# ACTIVITY:
Would you return, word for word, the lines running from the one with "This floral crochet" to the final line of the listing below, pictures omitted?

# GIVEN INFORMATION:
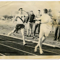 Photo of the hand-off in a relay race being run by Pacific University. A small crowd watches.
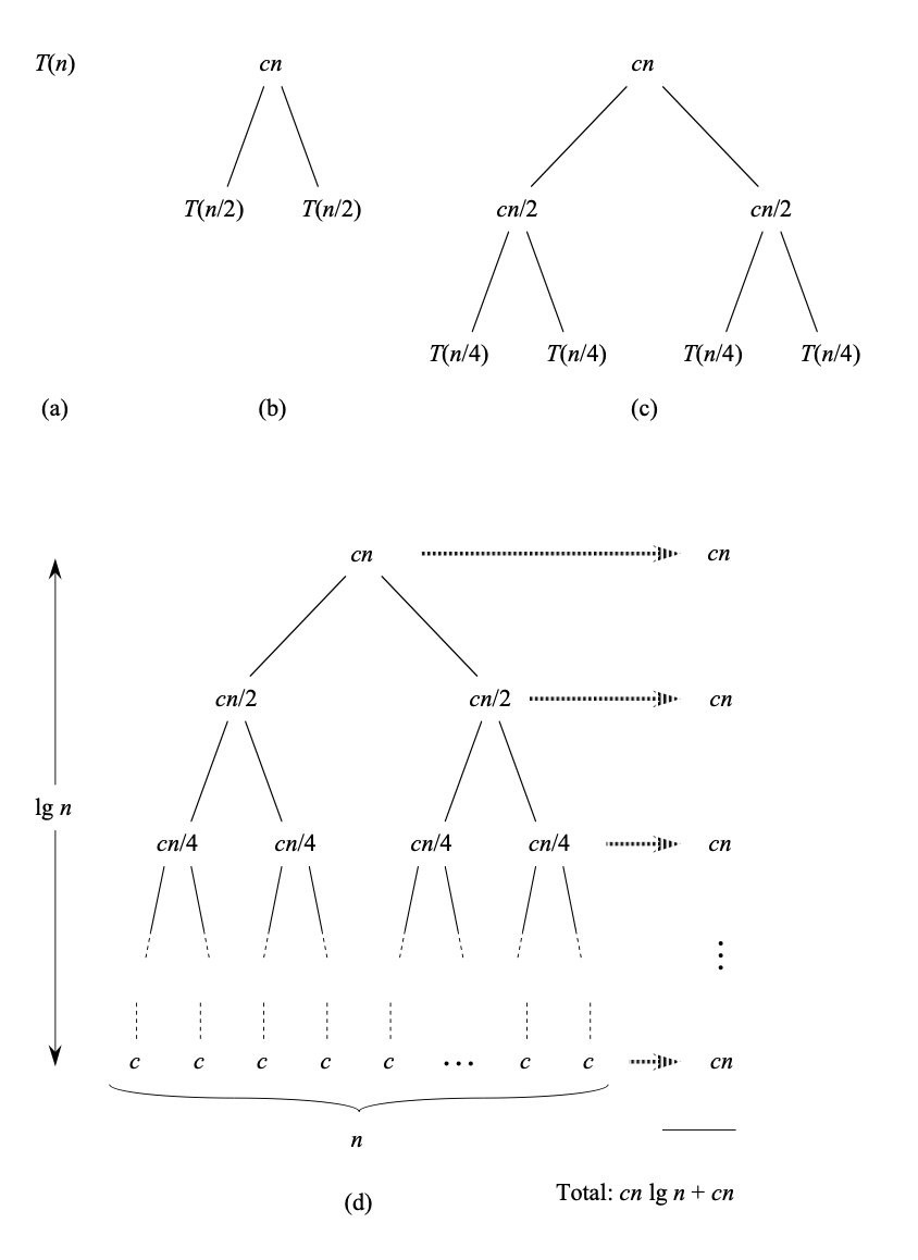 (a)에서 (c)로 가면서 병합 정렬처럼 하나의 문제를 2개로 나누게 된 경우 트리의 구조를 따라 총 연산을 나타낸 것이다. 전체적인 트리가 바로 (d)에 해당한다. (d)를 보면 총 계산시간이 이라는데 이는 왜 그럴까? 문제의 총 갯수를 먼저 살펴보자. 트리의 깊이(=)가 1씩 내려갈 때마다 2배로 늘어나기에 문제의 총 갯수는 라고 할 수 있다. 문제의 총 크기가 이므로 총 개의 크기를 가지는 단계까지 내려가야하는데, 수식으로 정리하면,
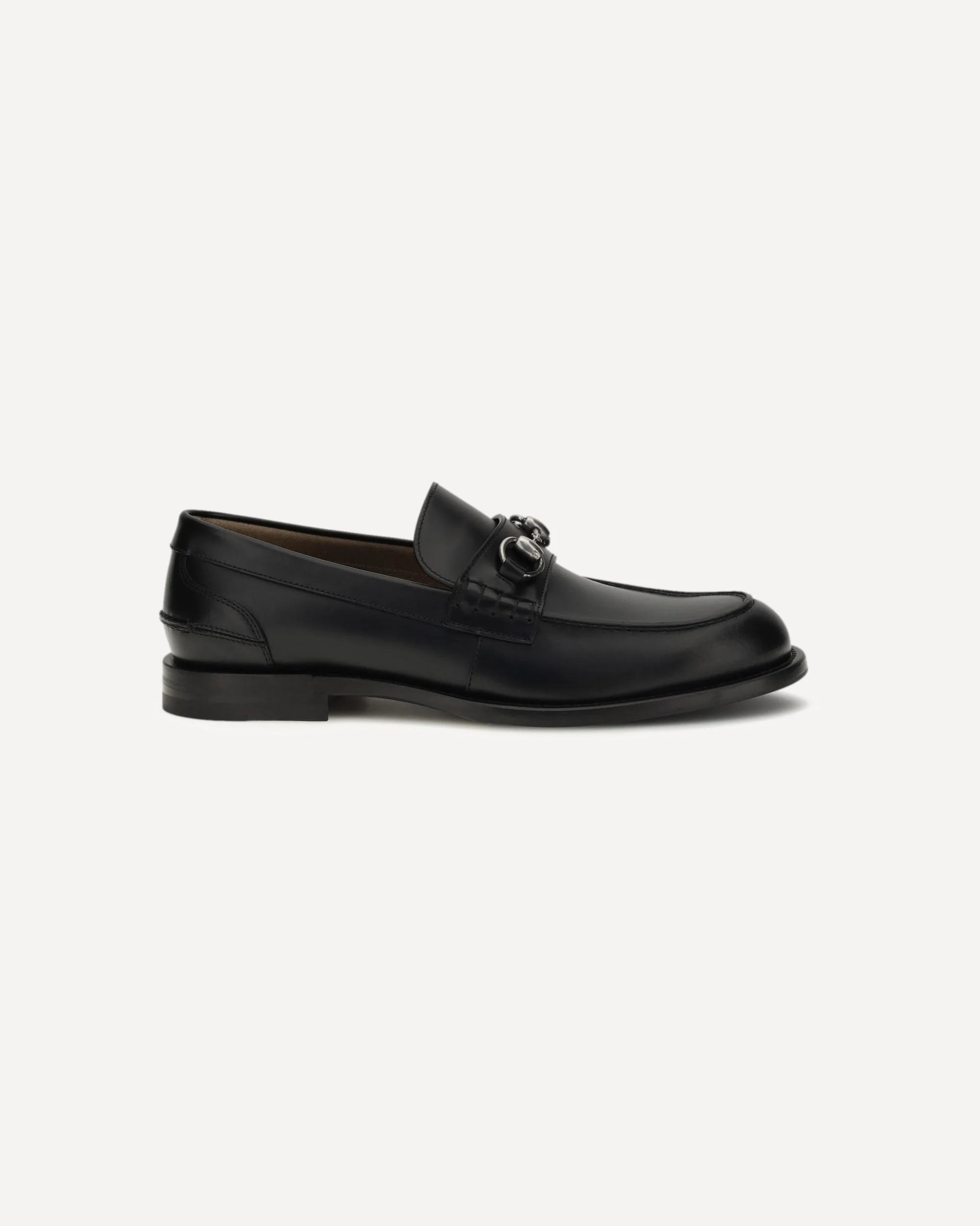 The horsebit Loafers by Gucci are a timeless classic, featuring silver-tone hardware and the brand's signature horsebit detail. The semi-rounded toe offers comfort, while the extra-padded insoles ensure a comfortable fit. The leather soles with rubber inserts guarantee durability and grip. With their low profile, they are ideal for an elegant and versatile look, perfect for any occasion. DETAILS - Sku: 851398AAFAR_1000 - Season: SS26 - Composition: GENERAL 100% Calf Leather Bos Taurus - MADE IN ITALY
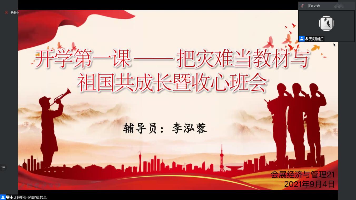新学期开学在即,旅游管理学院于9月3日-6日组织各班开展了线上“开学第一课”——“把灾难当教材,与祖国共成长”暨新学期收心主题班会,班会由各班辅导员主持。
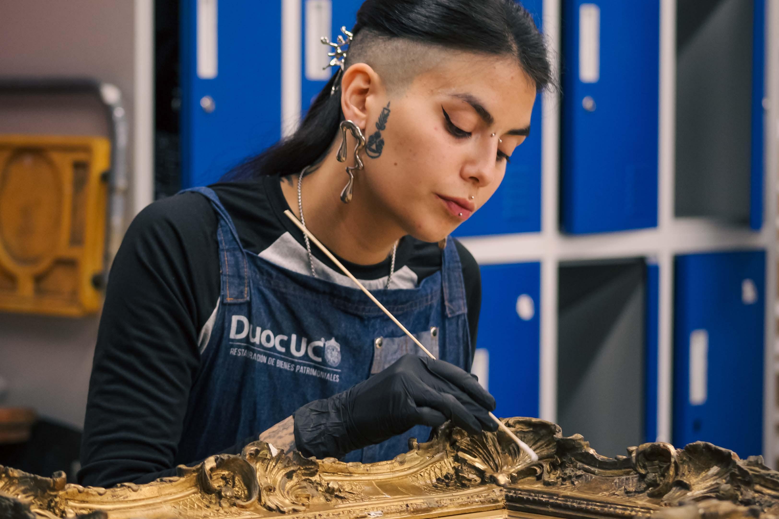 Gracias a una alianza colaborativa con la carrera de Restauración de Bienes Patrimoniales de Duoc UC Sede Valparaíso, se llevó a cabo la recuperación de las molduras de las obras “Los lindes del bosque” de Henri-Joseph Harpignies, intervenida por Diego Fajardo y Danielle Sepúlveda, y “La Prima Donna” de Ulises Caputo, restaurada por Laura Valladares e Isaac Carmona.
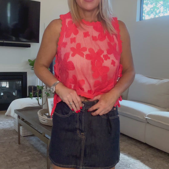This floral crochet side tying top is bringing all the sweet energy! Sheer floral crochet fabric creates a round neckline, relaxed bodice, and secures at the sides with double bow tying closure. Crochet trim lines the neckline, armholes, sides, and hem. Lining not included. + Floral crochet with crochet trim side tying top + Crochet trim round neckline + Side tying closure + Sheer crochet with floral detail + No lining
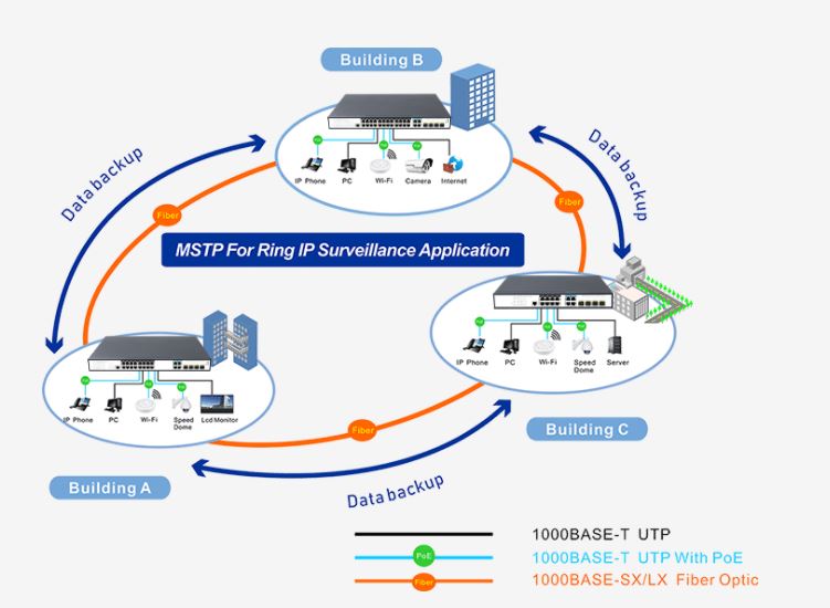 Switch PoE FMC-16GP4GC Cablexa hỗ trợ công nghệ vòng dự phòng và có khả năng tự phục hồi mạnh mẽ, nhanh chóng để ngăn chặn sự gián đoạn và sự xâm nhập từ bên ngoài. Nó kết hợp Giao thức Spanning Tree tiên tiến (802.1s MSTP) và hệ thống đầu vào nguồn điện dự phòng vào mạng tự động hóa công nghiệp của khách hàng để nâng cao độ tin cậy của hệ thống và thời gian hoạt động trong môi trường nhà máy khắc nghiệt. Trong mạng Ring đơn giản, thời gian khôi phục liên kết dữ liệu có thể nhanh đến 20ms.
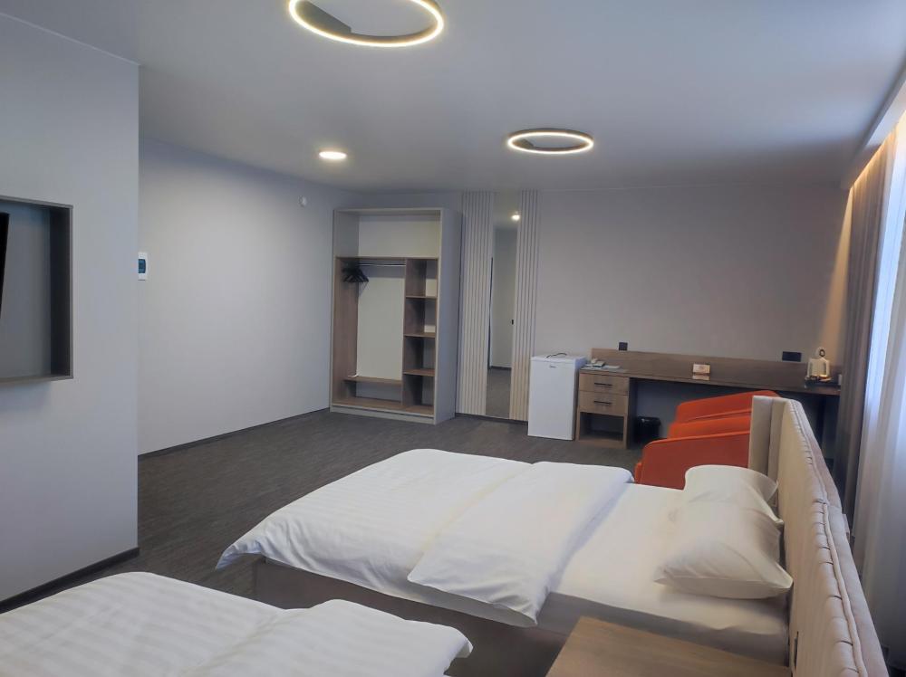 Интерьер двухкомнатных номеров категории "Люкс" А общей площадью 52 кв.м приглашает прикоснуться к современности. Стильная мебель, декоративные предметы интерьера создают неповторимую атмосферу для проживания. В спальной комнате - евро-кровать с роскошными постельными пренадлежностями.
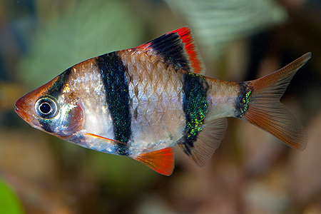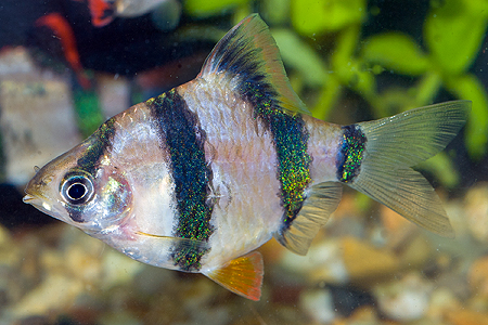 | parmička čtyřpruhá | Puntius (Systomus) tetrazona | 'Systomus' tetrazona |
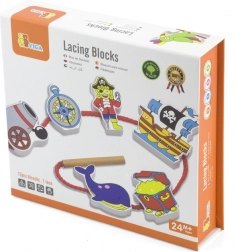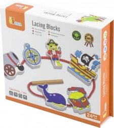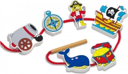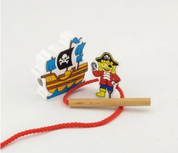 Zabaven komplet za najmlajše s piratsko tematiko razvija fino motoriko, koordinacijo oko–roka in kreativnost. Vsebuje 12 lesenih blokov in dolg trak za natikanje, pakirano v priročni škatli – služi kot shranjevalni box. Primerno od 24 mesecev.
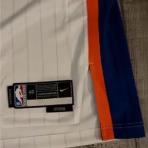 White jersey with bold blue and orange side stripes. Nike logo featured prominently. Jalen Brunson

# SOLVED PROBLEM:
This floral crochet side tying top is bringing all the sweet energy! Sheer floral crochet fabric creates a round neckline, relaxed bodice, and secures at the sides with double bow tying closure. Crochet trim lines the neckline, armholes, sides, and hem. Lining not included. + Floral crochet with crochet trim side tying top + Crochet trim round neckline + Side tying closure + Sheer crochet with floral detail + No lining
 Switch PoE FMC-16GP4GC Cablexa hỗ trợ công nghệ vòng dự phòng và có khả năng tự phục hồi mạnh mẽ, nhanh chóng để ngăn chặn sự gián đoạn và sự xâm nhập từ bên ngoài. Nó kết hợp Giao thức Spanning Tree tiên tiến (802.1s MSTP) và hệ thống đầu vào nguồn điện dự phòng vào mạng tự động hóa công nghiệp của khách hàng để nâng cao độ tin cậy của hệ thống và thời gian hoạt động trong môi trường nhà máy khắc nghiệt. Trong mạng Ring đơn giản, thời gian khôi phục liên kết dữ liệu có thể nhanh đến 20ms.
 Интерьер двухкомнатных номеров категории "Люкс" А общей площадью 52 кв.м приглашает прикоснуться к современности. Стильная мебель, декоративные предметы интерьера создают неповторимую атмосферу для проживания. В спальной комнате - евро-кровать с роскошными постельными пренадлежностями.
 | parmička čtyřpruhá | Puntius (Systomus) tetrazona | 'Systomus' tetrazona |
 Zabaven komplet za najmlajše s piratsko tematiko razvija fino motoriko, koordinacijo oko–roka in kreativnost. Vsebuje 12 lesenih blokov in dolg trak za natikanje, pakirano v priročni škatli – služi kot shranjevalni box. Primerno od 24 mesecev.
 White jersey with bold blue and orange side stripes. Nike logo featured prominently. Jalen Brunson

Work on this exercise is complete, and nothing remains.